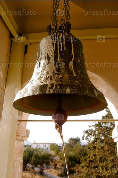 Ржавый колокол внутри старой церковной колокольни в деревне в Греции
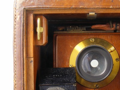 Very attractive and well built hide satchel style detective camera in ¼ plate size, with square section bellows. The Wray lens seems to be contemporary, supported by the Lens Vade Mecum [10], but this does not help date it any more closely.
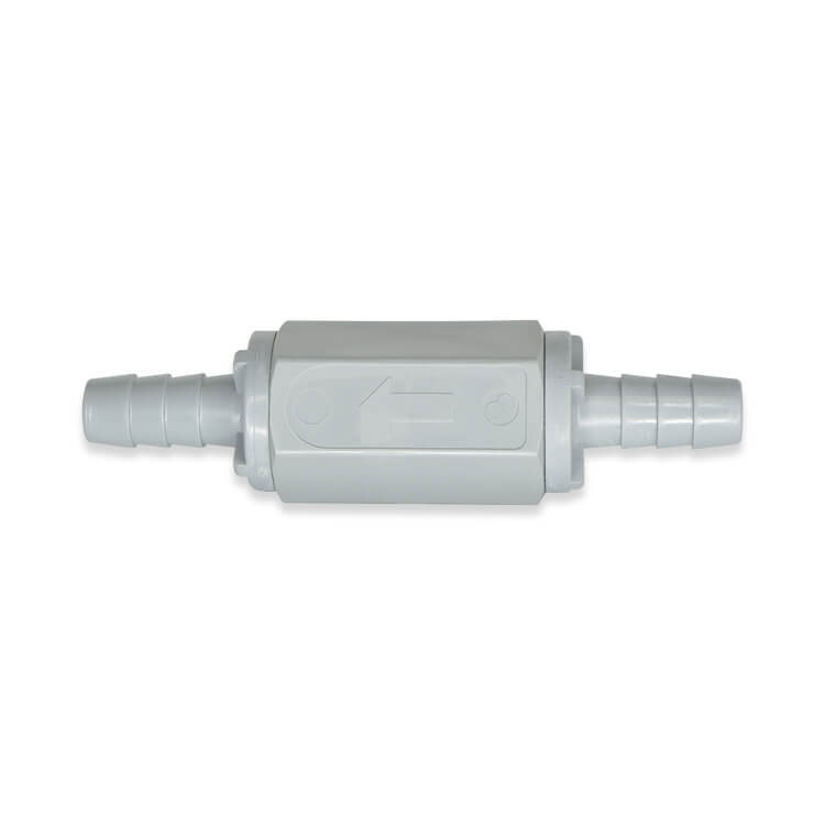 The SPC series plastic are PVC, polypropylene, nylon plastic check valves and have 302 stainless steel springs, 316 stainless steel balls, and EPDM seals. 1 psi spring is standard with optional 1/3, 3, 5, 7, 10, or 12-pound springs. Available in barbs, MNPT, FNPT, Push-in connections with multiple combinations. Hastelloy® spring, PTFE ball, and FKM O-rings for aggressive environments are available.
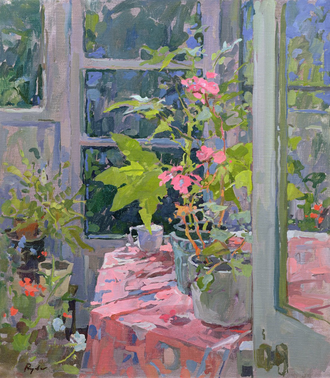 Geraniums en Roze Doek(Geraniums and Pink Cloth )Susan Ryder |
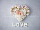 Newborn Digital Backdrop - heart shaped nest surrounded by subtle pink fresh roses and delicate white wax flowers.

--

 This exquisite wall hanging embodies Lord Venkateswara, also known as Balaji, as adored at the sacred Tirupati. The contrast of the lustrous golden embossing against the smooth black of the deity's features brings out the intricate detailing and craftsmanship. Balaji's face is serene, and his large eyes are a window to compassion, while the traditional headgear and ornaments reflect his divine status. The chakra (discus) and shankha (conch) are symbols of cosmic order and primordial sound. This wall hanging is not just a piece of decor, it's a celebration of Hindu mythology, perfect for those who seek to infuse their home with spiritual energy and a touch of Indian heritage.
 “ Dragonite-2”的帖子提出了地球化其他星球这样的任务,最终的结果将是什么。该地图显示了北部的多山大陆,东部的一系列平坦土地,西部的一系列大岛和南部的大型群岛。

---

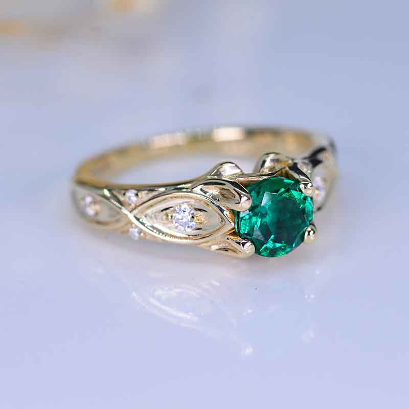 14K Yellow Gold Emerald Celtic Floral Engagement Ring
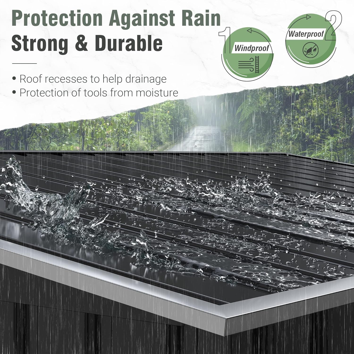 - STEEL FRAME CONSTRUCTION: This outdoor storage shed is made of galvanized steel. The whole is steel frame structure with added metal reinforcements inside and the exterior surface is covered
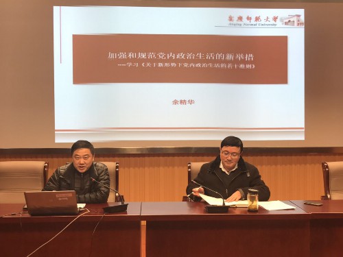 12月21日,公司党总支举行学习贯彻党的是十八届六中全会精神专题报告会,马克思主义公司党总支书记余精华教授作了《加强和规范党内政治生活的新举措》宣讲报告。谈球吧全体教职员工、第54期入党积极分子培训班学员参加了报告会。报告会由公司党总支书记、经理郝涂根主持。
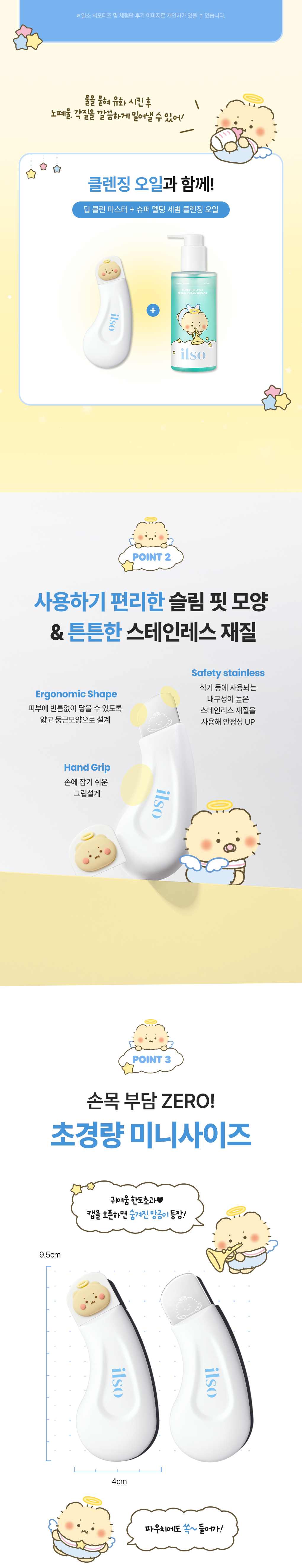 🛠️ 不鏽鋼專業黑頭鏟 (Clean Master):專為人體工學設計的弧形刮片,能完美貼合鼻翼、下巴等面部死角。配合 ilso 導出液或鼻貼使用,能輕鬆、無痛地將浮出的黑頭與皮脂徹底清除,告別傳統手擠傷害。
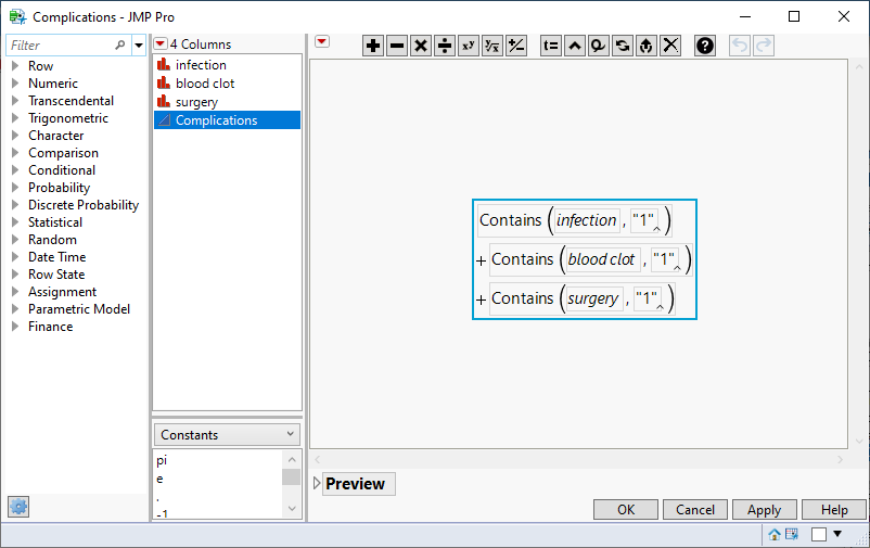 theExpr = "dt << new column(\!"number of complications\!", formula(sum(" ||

**Problem requirements:**
Text only, no pictures: please print exactly the lines above from the line with "Geraniums en Roze" up to and including the line with "Newborn Digital Backdrop", and nothing else.

**Answer area:**
 Geraniums en Roze Doek(Geraniums and Pink Cloth )Susan Ryder |
 Newborn Digital Backdrop - heart shaped nest surrounded by subtle pink fresh roses and delicate white wax flowers.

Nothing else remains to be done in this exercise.